In 2017, Sullivan established the conceptual art rock and roll group The Simian Racket. He defined "art rock and roll" as a distinct social/musical phenomenon with roots in England's The Who. Sullivan highlights Pete Townshend's direct connection to performance artists Gustav Metzger and Raphael Montanez Ortiz, as well as The Who's 1965 proclamation they were an "auto-destructive group;" a term and concept Townshend adopted from his art instructor Metzger.

After numerous impromptu musical collaborations with unsuspecting participants, the final members of The Simian Racket included Bongo Carlos and Sullivan, performing as Stitch Jerkins..

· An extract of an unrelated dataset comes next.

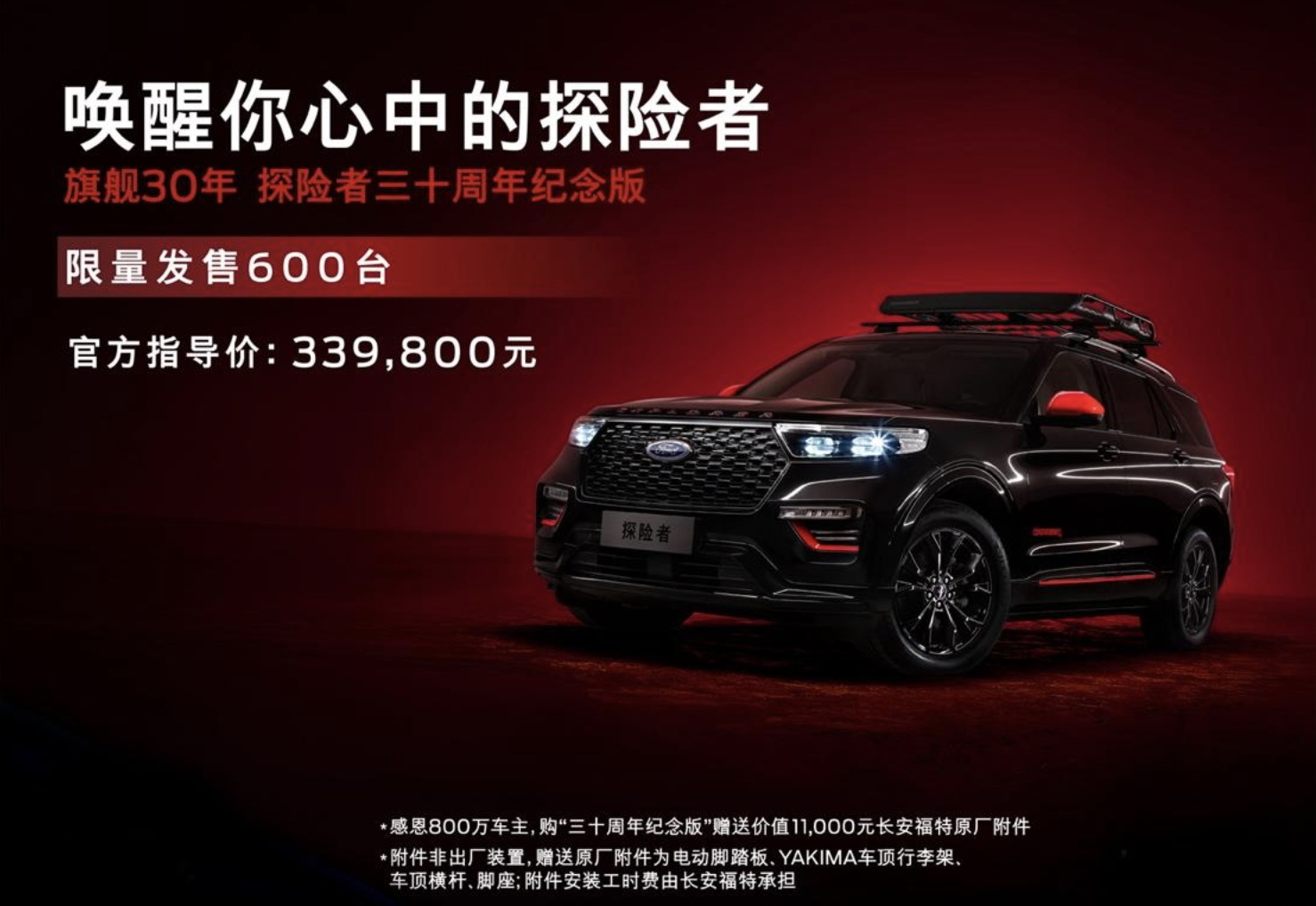 日前,小编从长安福特官方获悉,旗下探险者三十周年纪念版车型正式上市,指导售价33.98万元,并将以限量600台的形式发售。据悉,新车还将赠送价值11000元的原厂附件,以感恩回馈全球800万用户的支持,原厂附件包含:荣耀金阶电动踏板可智能自动伸缩以及车顶行李架。

In 2018 Sullivan was invited to participate in the 9th Internationale Waldkunstpfad in Darmstadt, Germany; a three week scholarship/residency consisting of symposiums, lectures, installations and performances in the Darmstadt forest, all conducted under the theme of Kunstokologie (Art Ecology). For the Waldkunstpfad (Forest Art Path), Sullivan enacted "Towards an Ape Theatre part VI: The Simian Racket", four distinct performance events, some lasting up to three hours, and consisting of readings, impromptu dialog and a non-electric form of rock and roll played on instruments built from forest materials and refuse.